И тогда Окунев подтвердил:

– Плюшевые.

– Ясно, – подвел итог Зайцев.

Хотя ничего ему яснее не стало.

4

Перед чисткой он только и успел проверить опись в деле Барановой. Коричневых занавесок среди вещей в ее комнате не было. Ни плюшевых, ни коричневых, никаких. «Странно». Кто их унес? Тот, кто повесил алую портьеру? Это тот человек, что убил Баранову? «Но это же дичь».

Зайцев оставил опись и фотографии на столе и, торопливо натянув пиджак, поспешил в актовый зал – чиститься. Сон, так напугавший его утром, казался теперь тусклым и нестрашным.

Стол в актовом зале был накрыт красной скатертью. Зайцев сидел и тупо разглядывал проплешины на ней. Сделана скатерть была из старой, вероятно театральной, завесы, но изображала собой нечто революционное. Боевое настроение, однако, не удалось. Весь длинный стол, накрытый до самого пола, напоминал гроб.

Члены комиссии были набраны в силу классовой добротности, иначе говоря, были обычными ленинградскими бедняками. Они скверно ели и еще более скверно жили, и все это можно было угадать по серовато-зеленым неопрятным лицам. В тощем свете электрической лампочки, не пойми зачем зажженной под потолком среди дня, члены комиссии за своим гробом-столом походили бы на вампиров. Если бы не испуг на лицах у всех шестерых.

Зайцев их даже пожалел. Бедные советские мышата, они боялись и тех, кого им предстояло чистить, – милиционеров. И тех, кто эту чистку организовал. Чин из ОГПУ сидел на самом краю стола и сурово поблескивал бритым черепом. Нос у него чуть ли не упирался в рот. На столе перед гэпэушником лежала фуражка с голубым верхом. Ее алая звездочка смотрела в зал, в публику. Эдакий Вий, который видит все.

Зайцев сидел на стуле, выдвинутом вперед. На чистку согнали всех, кто подвернулся. От следователей до девочек из машинописного бюро. Только дежурных оставили в покое. Хоть кто-то должен был отвечать на звонки.

От девочек веяло любопытством и духами. Все остальные тихо бесились. За дверями ждало немерено работы. Большой город не нажал на тормоза по такому случаю. Он жил своей жизнью. А значит, воровал, грабил, подбрасывал младенцев (и спасибо, если не в Обводный канал, а в парадную), пускался в бега с общественной кассой, насмерть сбивал пешеходов или калечил общественное имущество, напивался, пырял ножами, кокал бутылкой по кумполу, лупцевал баб, сигал в воду с ленинградских мостов. И убивал тоже. Там ждали улики, свидетели, протоколы, фотографии с мест преступления, отпечатки. Всем не терпелось уйти отсюда и заняться делом.

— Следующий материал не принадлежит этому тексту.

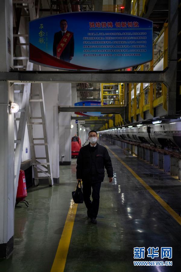 2月5日,在太原车辆段太原动车所,石金强领取作业工具包后准备上车作业。新华社记者 杨晨光 摄
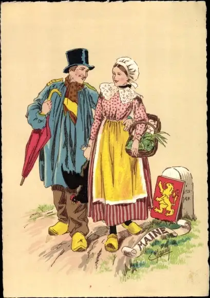 Künstler Ak Maine, Paar in französischen Trachten
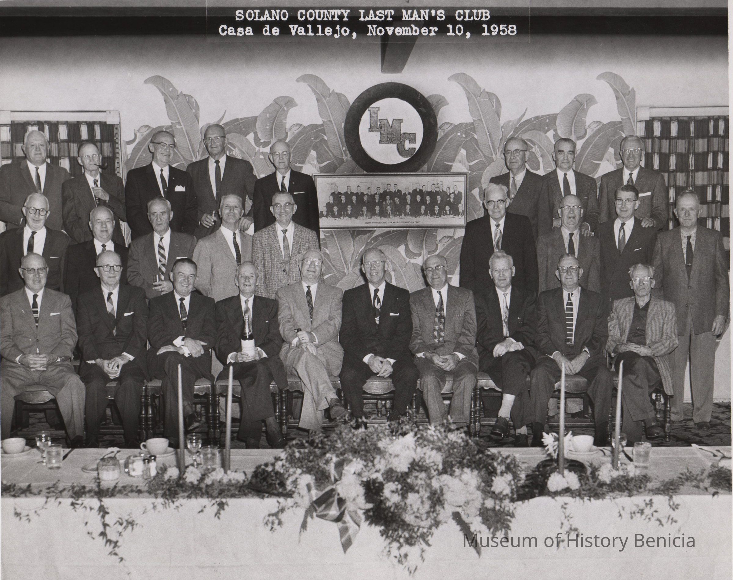 3 rows of men behind banquet table; 1937 photo of the group behind. "Solano County Last Man's Club/Casa de Vallejo, November 10, 1958" top center B/W photoCollection
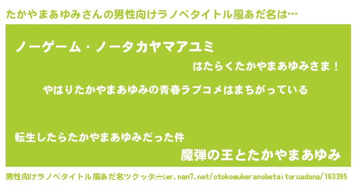 | 女子向けラノベタイトル風あだ名 | 『たかやまあゆみ伯爵の花嫁』 |

– Начинайте, товарищи! – распорядился чин из ГПУ.

Лицо Зайцева не выражало ничего.

Один из сидевших в комиссии нерешительно протянул руку к графину, долго лил воду в мутноватый стакан, долго пил, растерянно глядя поверх стакана на каждого по очереди.

Пауза явно затягивалась.

– Вы в своем праве. Спрашивайте! – начал подталкивать их гэпэушник.

Один за столом начал прочищать горло. Заперхал, закхекал. Все с надеждой посмотрели на него. Но он больше не выдал ни звука. Достал несвежий платок, утер им рот. И снова уставился на большой вялый фикус, который по такому случаю принесли из бухгалтерии и водрузили с краю стола.

Сам фикус глядел в давно не мытое, дымчатое от пыли окно.

Зайцев попробовал переменить позу, стул под ним сразу завыл и заскрипел.

– А вы, Зайцев, встаньте. Встаньте! Проявите уважение к процедуре.

Обладатель фуражки плавно взмахнул толстой белой ладонью, как бы показывая «вира». Стул прощально вскрикнул. Зайцев встал.

Отсюда он хорошо видел всех в зале. Раздражение на лицах постепенно сменялось сонной одурью. Собрания обычно заряжали надолго, как ленинградский дождь.

– Товарищ, ваше имя, – наконец просипел кто-то за спиной.

Зайцев обернулся.

– Вы в зал говорите, – тут же одернул его тонкий надменный голос из-под фикуса. Гэпэушник привык, что вычищаемые юлили, потели, запинались. Ему не понравился этот прямо сидевший парень со светлыми, как у якутской собаки, глазами. Глаза не понравились особенно. «Мне нечего скрывать, весь я как на ладони», – говорили они. А сам парень ушел на глубину, как рыба, гэпэушник почуял это инстинктивно, подумал: «Я с тебя гонор-то собью».

– Зайцев, Василий.

– Громче, – потребовал гэпэушник: – Вот я свое имя громко произнести перед народом не стесняюсь: Шаров Николай Давыдович.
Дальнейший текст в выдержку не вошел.